Emiliano has followed in her footsteps quite literally, as he has taken up baile folklórico just as Castillo did throughout middle and high school and has already set his sights on college.

Castillo couldn’t help but smile as she recalled his reluctance to leave her dorm room on move-in day. As her mother helped her set up her bed, Emiliano defiantly told with her about how he was going to move in with Castillo, and there was no one who could stop him.

“If I can’t change the world, at least I know I changed his mentality, and I’m happy,” Castillo said.

Getting to USC wasn’t easy for Castillo. She said that the counselors at her high school did not provide much help or resources for students applying to four-year universities like USC. But Castillo’s main support came from the Bovard Scholars program, which she discovered accidentally when she sat down next to a friend at lunch and saw the program’s flyer among his belongings.

“She’s so bright, she’s so eager,” said Jennifer Colin, the executive director of Bovard Scholars and summer programs, who works with Bovard Scholars like Castillo. “And then she has this added personal mission, which really comes through when you talk to her. She is glowing about inspiring students to our summer community and showing them life outside of the valley and really encouraging them to see beyond their immediate circumstances.”

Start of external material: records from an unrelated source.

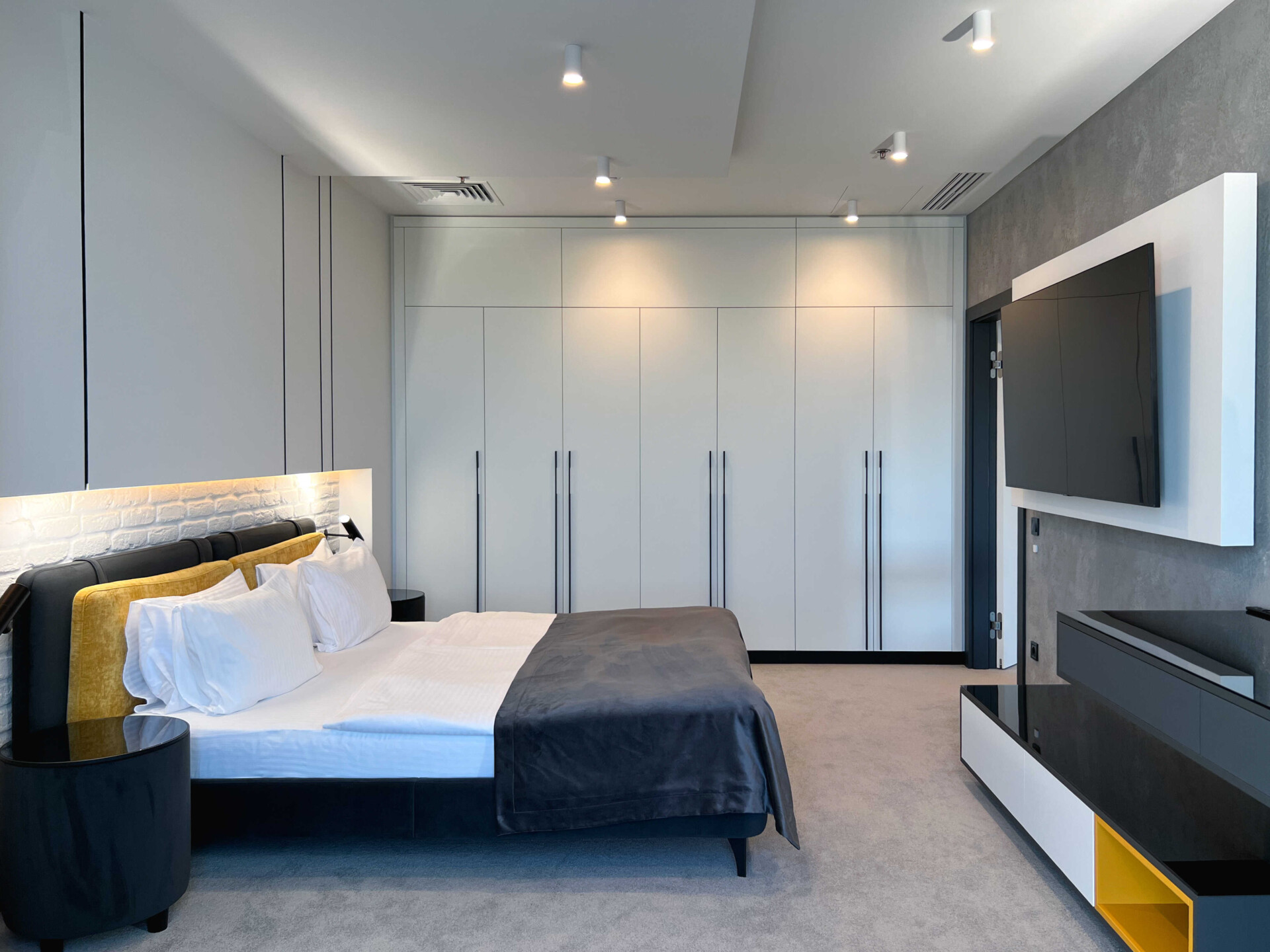 Великий двокімнатний номер з двоспальним ліжком. Розмір ліжка 1,8 м X 2,0 м. Загальна площа номера: 75 кв.м.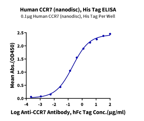 Bio-activity : | Immobilized Human CCR7 (Nanodisc), His Tag at 1μg/ml (100μl/well) on the plate. Dose response curve for Anti-CCR7 Antibody, hFc Tag with the EC50 of 0.21μg/ml determined by ELISA. |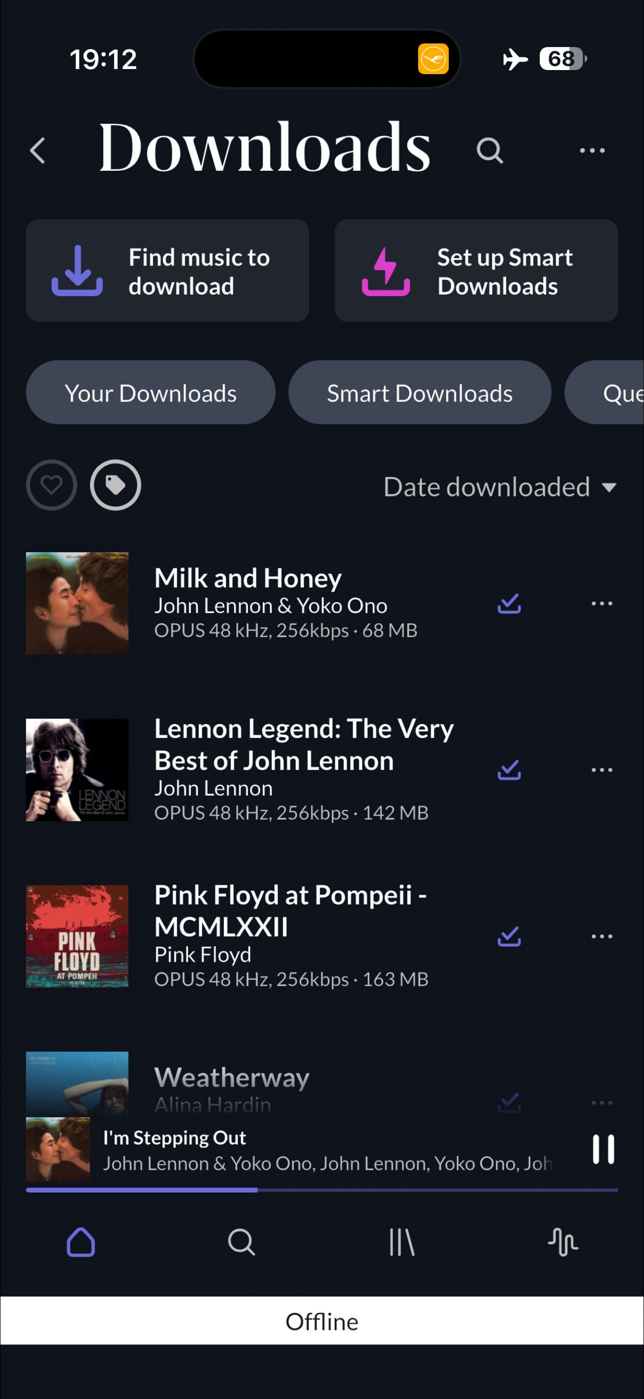 So, sat on a plane with ARC build 379, and no internet… album artwork is still there! Nice. Except, now the albums won’t play. In fact none of my downloads play, except the 2 albums quickly downloaded 5 mins before boarding. Does this mean the right to access downloads expires? And if so, why? This is a new behavior and totally unacceptable. When ARC was able to connect to my server again, the DOWNLOADED albums play.

Outside of class, Castillo’s main release is baile folklórico. She has danced since seventh grade, when she wandered into a high school dance group after learning about it from a woman at a conference she attended at school. This is a passion Castillo continues to pursue 100 miles away from her usual dance floor. 

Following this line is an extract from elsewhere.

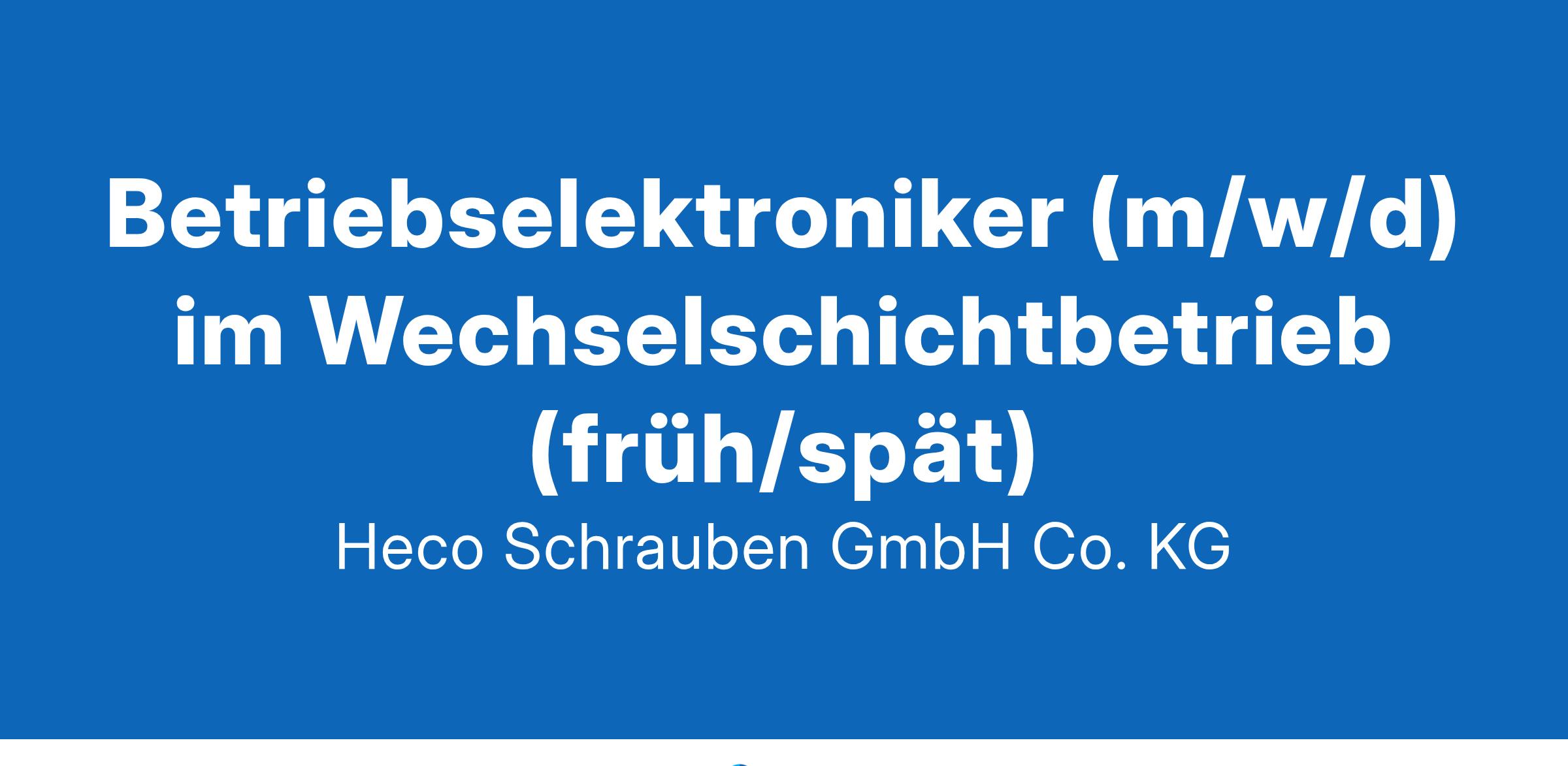 Als Familienunternehmen sind wir einer der führenden Hersteller von Schrauben- und Befestigungssystemen für den konstruktiven Holz- und Innenausbau, den Beton- und Metallbau sowie für Schwerlastbefestigungen. Mit Sitz in Schramberg / Schwarzwald beschäftigen wir derzeit ca. 400 Mitarbeitende und sind weltweit in über 40 Ländern tätig. Klingt spannend? Dann stellen Sie sich vor und schrauben an Ihrer Zukunft! Für den Standort in 78713 Schramberg suchen wir einen Betriebselektroniker (m/w/d) im Wechselschichtbetrieb (früh/spät) Ihre Aufgaben: Sie sind für die anfallenden elektrischen Reparatur,- Instandhaltungs- und Installationsarbeiten innerhalb des HECO-Maschinenparks verantwortlich. Darüber hinaus übernehmen Sie die vorbeugende Wartung an den Maschinen und Anlagen und sind für die Funktionsüberwachung sowie Prüfung der elektronischen Geräte zuständig. Ihr Profil: Sie haben eine Berufsausbildung als Elektroniker, bestenfalls im industriellen Umfeld, abgeschlossen. Idealerweise haben Sie bereits erste Berufserfahrung in vergleichbarer Position gesammelt. Sie bringen die Bereitschaft und Eignung für den Einsatz im 2‐Schichtbetrieb (früh/spät) mit. Ihre schnelle Auffassungsgabe und Ihre strukturierte Arbeitsweise runden Ihr Profil ab. Wir bieten: Unterstützung bei Ihrem Einstieg ins Unternehmen mit Willkommensordner und einem Einarbeitungsprogramm zum Kennenlernen der verschiedenen Unternehmensbereiche. Die besten Voraussetzungen für eine langfristige Beschäftigung mit Wohlfühlfaktor: sichere Arbeitsplätze mit vielfältigen Aufgabenstellungen, Weiterbildungsmöglichkeiten u. v. m. Ein attraktives Vergütungspaket mit Gruppen- und Teamprämien, erfolgsorientierter Sonderzahlung und Sachbezügen. Vielseitige Zusatzleistungen und Angebote, wie z. B. Fahrradleasing über HECO, gemeinsame Sport- und Freizeitveranstaltungen, Wasserspender im Unternehmen etc. Haben wir Ihr Interesse geweckt? Dann freuen wir uns auf Ihre Bewerbung! HIER BEWERBEN Für Fragen steht Ihnen Frau Lisa Herrmann Telefon: +49 7422 989-306 | E-Mail: personal@heco-schrauben.de gern zur Verfügung. HECO-Schrauben GmbH & Co. KG Dr.-Kurt-Steim-Straße 28 | 78713 Schramberg www.heco-schrauben.de

USC’s Grupo Folklórico was the first thing she looked for when attending the campus involvement fair in September. Now, a few afternoons a week, the space in front of Heritage Hall becomes her studio. She’s exhilarated as she dances, empowered by bailes like el jarabe tapatío of Guadalajara, Mexico. The bailes provide a bridge between her passion and her daily life.

“She’s resilient,” Castillo said. “In the dance, she has to stomp as hard as the guy, she has to manage the faldeo and do all these things at the same time. I feel like that’s what I’ve been doing, just like balancing all these things at once but trying to be resilient and trying to have that smile on my face and push through the pain.”

As Castillo looks toward her next few years, she’s not quite sure what to expect. All she knows is that her next steps will be rooted in her culture and the values she’s grown up with.

“Soy Mexicana de corazón,” Castillo said. ”I’ve always been super in touch with my culture. And that’s why I do baile folklórico, and that’s why I like to speak Spanish. And it’s something that keeps me connected and reminds me every step of the way, who I am. I’m a DACA student and I’m from Mexico.”